Born in 1937 in Baranagar, Bengal Presidency—West Bengal, following independence from the British—Singh didn’t grow up with ambitions of becoming an artist. “I didn’t know that there was an art school or that there was a field called art,” she recalls. “My principal, Kamala Sengupta, sent me to art school.” It was there, under the tutelage of instrumental painters like Sailoz Mookherjea and Biren De, that Singh forged her path into the field. The influence of early artistic encounters—from Kangra miniatures she discovered in magazines to the works of European masters like da Vinci and Raphael—continues to surface in her compositions, unanchored by conventional perspective.
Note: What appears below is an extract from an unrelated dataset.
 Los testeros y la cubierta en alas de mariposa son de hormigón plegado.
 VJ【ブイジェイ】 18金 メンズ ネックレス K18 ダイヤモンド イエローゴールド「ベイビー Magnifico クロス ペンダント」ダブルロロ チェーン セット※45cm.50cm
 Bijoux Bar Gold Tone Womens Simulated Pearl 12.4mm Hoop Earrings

Arpita Singh, Buy Two, Get Two Free, 2007. Private Collection. © Arpita Singh

The upcoming Serpentine exhibition will bring together works from across Singh’s six-decade spanning career, showcasing her distinctive approach to colour and space. Often, her paintings are populated by fragmented, overlapping forms, evoking the layered nature of memory itself. “I think everybody has such a store [of memory], and I’m very fond of opening it and bringing things out,” she explains. “Like, say, something happened to my grandmother, and she passed her trauma or joy to me. I remember these emotions, but I don’t know the incident.”

The figures of mothers and daughters frequently recur in the artist’s work. She mines personal and collective histories, with a particular focus on the lives of women, navigating domestic and public space. Some of Singh’s paintings are very clearly titled, while others feel more open ended, their subjects and meanings left to interpretation. “I have some works titled Woman with a Girl Child that could stand for my relationship with my daughter,” she says. “But sometimes I just painted it—it doesn’t have any agenda.” Singh’s works—powerfully feminist in varying degrees of overtness—at times juxtapose tropes of femininity with symbols of violence and authority. The pistol-wielding female figure in Devi Pistol Wali (1990) underscores this duality.
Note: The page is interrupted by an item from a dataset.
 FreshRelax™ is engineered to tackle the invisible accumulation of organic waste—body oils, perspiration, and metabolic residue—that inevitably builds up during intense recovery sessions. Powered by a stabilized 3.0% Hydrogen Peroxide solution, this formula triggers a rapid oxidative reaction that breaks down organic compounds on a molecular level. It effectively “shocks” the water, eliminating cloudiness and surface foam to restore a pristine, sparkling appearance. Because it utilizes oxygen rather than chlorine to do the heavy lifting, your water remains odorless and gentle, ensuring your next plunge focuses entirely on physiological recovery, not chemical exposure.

Arpita Singh, Devi Pistol Wali, 1990. Courtesy of Museum of Art & Photography, Bengaluru, India. © Arpita Singh

Language, too, is a vital part of Singh’s compositions. Letters and words emerge spontaneously through her intuitive process. “I used to apply colours with a knife, and the edge of the knife would make a mark. If it was horizontal with a vertical line, it became a T. Letters appeared like that, accidentally,” she explains. Over time, these unplanned marks evolved into a distinct visual vernacular, bolstered by personal and cultural references.

Existing in a suspension—feeling at times like you’re peering into a just-shaken snow globe or aquarium—floating words, symbols, objects and figures congregate. “In that space of the canvas, there is no such gravity,” the artist asserts. “So, you can place your objects anywhere. There is a law, but that law is according to me. I control the law.” This element of controlled chaos, where phantasmagorical characters coexist with humans and familiar objects, lends her work an almost surreal quality—though she resists such categorisation. “I don’t think it’s dreamlike because for me it’s very real,” she says. “I’m both creating the problem and solving it.”
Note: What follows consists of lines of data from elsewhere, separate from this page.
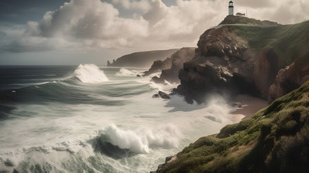 A breathtaking view of a lighthouse on a grass-covered hill by the ocean on a cloudy day
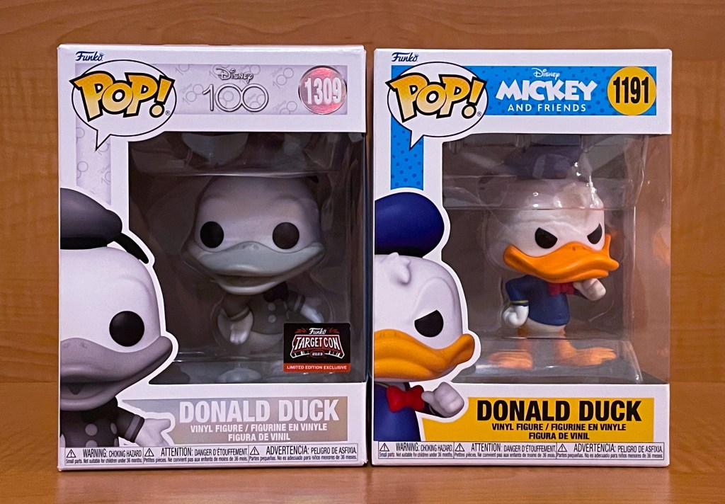 Beyond those color inaccuracies, I love that we have an early model Donald Duck to display in our collections. I have always wanted a Donald Duck through the years figure collection, and this one looks great displayed next to the modern Donald Duck Funko POP! figure.
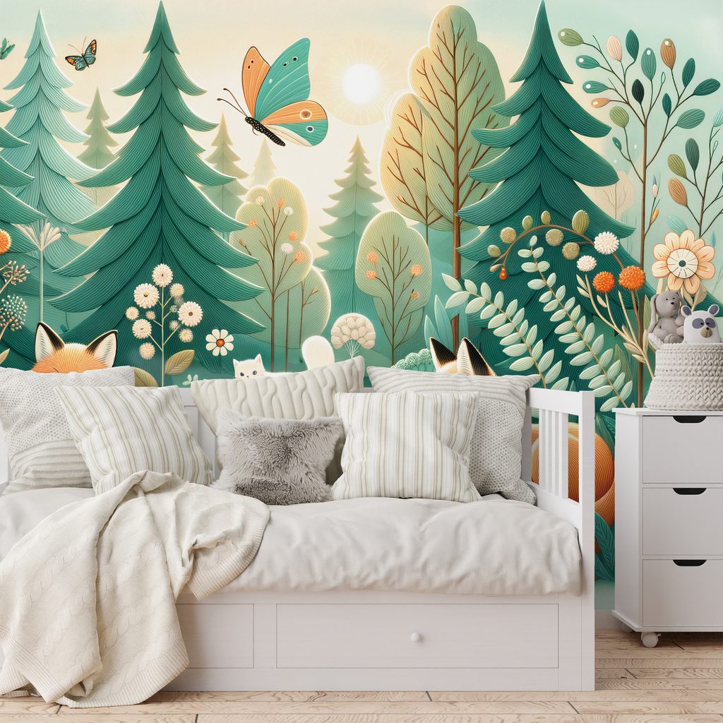 Vstúpte do čarovného sveta prírody s našou tapetou lesných zvieratiek v pastelových farbách. Motiv zahŕňa roztomilé líšky, biele mačiatko a farebné motýle obklopené bujnou vegetáciou a kvetinami. Jemné pastelové odtiene vytvárajú upokojujúcu a hravú atmosféru, ideálnu pre detské izby alebo relaxačné priestory. Táto tapeta je skvelou voľbou pre tých, ktorí chcú dodať svojmu interiéru nádych prírody a fantázie. Vyrobená z kvalitných materiálov, zaručuje dlhú životnosť a jednoduchú aplikáciu.
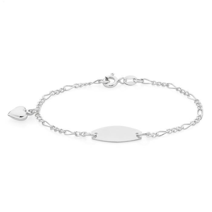 Sterling Silver 16cm Solid Figaro 3+1 Heart Charm Identity Bracelet
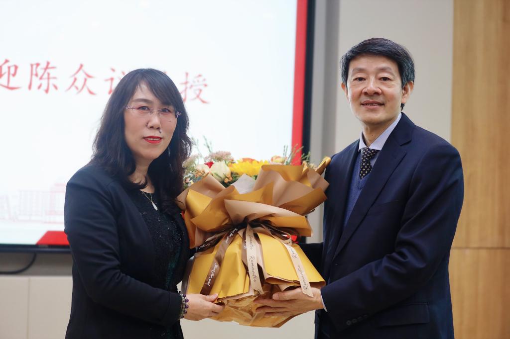 仪式上,唐贤清介绍了陈众议教授的求学经历、研究方向、任职经历等基本情况。
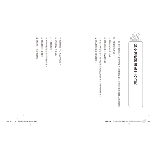 「本書提供讀者一個簡單的概念,即:今日的好習慣就是明日健康的根基。」
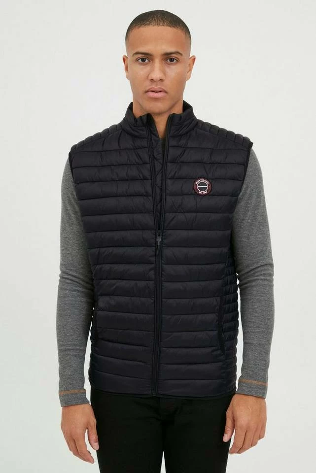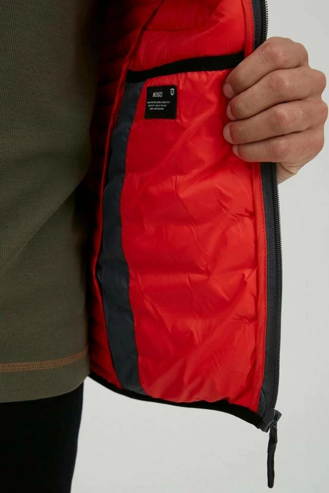 DETAILS & HIGHLIGHTS: Steppweste, leicht wattiert, mit kurzem Stehkragen, Verschluss mit Reißverschluss, zwei Eingriffstaschen, elastische Saumabschlüsse, Gummi Patch auf der linken Brustseite, farblich abgesetztes Lining in orange, leichtes und angenehmes Material.
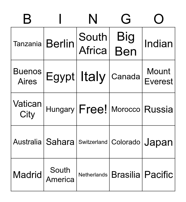 This bingo card has a free space and 29 words: Madrid, Nile, Hungary, Coliseum, Tanzania, South Africa, Egypt, Sahara, Morocco, South America, Russia, Pacific, Netherlands, Brasilia, Mount Everest, China, Switzerland, Australia, Indian, Vatican City, Colorado, Africa, Canada, Buenos Aires, Big Ben, Berlin, Japan, Italy and Cairo.
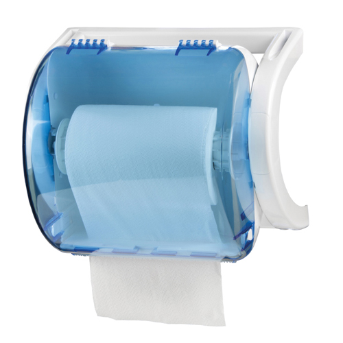 Base in ABS bianco e carenatura in ABS trasparente; dim. max rotolo: (Ø) 290 mm x (L) 290 mm; murale o d’appoggio; viteria inclusa.
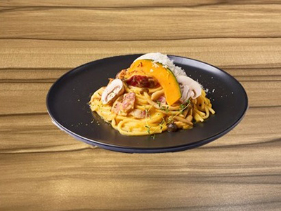 ◇KABOCHA MILKと秋野菜、ホエー豚ベーコンのクリームパスタ
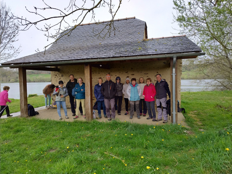Nous repartons après avoir rangé nos k-way, en effet plus de pluie…. C’est la deuxième partie de notre randonnée. Nous passons devant la salle des fêtes du lac bien connue pour de nombreuses manifestations ( mariages, concerts, spectacles).
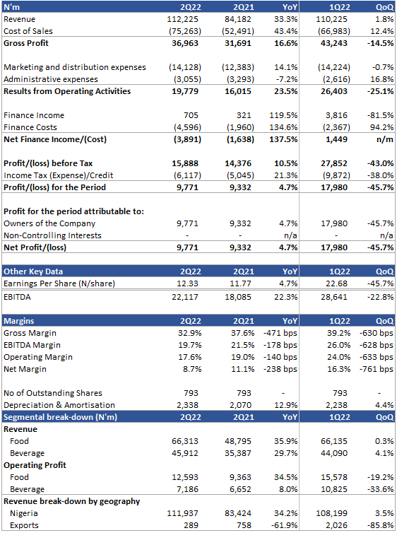 - Nestle Nigeria reported strong revenue growth of 33.3% YoY to N112.2 billion in 2Q22. A strong showing across both segments drove the performance. The revenue growth was primarily driven by a 35.9% YoY spurt in the food segment (59.1% of 2Q22 revenue) to N66.3 billion, supported by a 29.7% YoY jump in the Beverage segment (40.9% of 2Q22 revenue) that recorded N45.9 billion in 2Q22. On the geographic front, the revenue growth was driven by a 34.2% YoY increase in domestic revenue to N111.9 billion, while the exports declined by 61.9% YoY to N289 million in 2Q22. The company’s cost of sales jumped more than revenues at 43.4% YoY to N75.3 billion in 2Q22 from N52.5 billion in 2Q21, resulting in a 471 bps gross margin contraction to 32.9% in 2Q22 compared to 37.6% in 1Q22. The net profit climbed 4.7% YoY to N9.8 billion in 2Q22. Even though there is a strong 33.3% YoY growth in revenue, the 43.4% increase in the cost of sales and a significant increase in the finance costs led to the deterioration of the net profit margin by 238 bps to 8.7% in 2Q22 versus 11.1% in 2Q21.

Arpita Singh, A Feminine Tale, 1995. Courtesy of Taimur Hassan Collection. © Arpita Singh. Photo: Justin Piperger

Committed to her medium, Singh’s focus on painting remains steadfast. “Painting is always fascinating,” she reflects. “I saw a very small child make a painting with red, and she was painting the red colour again and again. I said, “Why are you doing it again and again?” She said, “It’s not red enough.” It’s like that for me too.” As Singh’s paintings make their way to London, the Serpentine exhibition offers a rare opportunity for an international audience to engage with her singular world—one that was ahead of its time in many ways. “Somebody once asked me, “Why are you painting like this? Nobody understands.” So I said, “Maybe after 200 years, somebody will come who will understand. I’m painting only for them.””



Arpita Singh: Remembering is on view at Serpentine North from 20 March – 27 July 2025.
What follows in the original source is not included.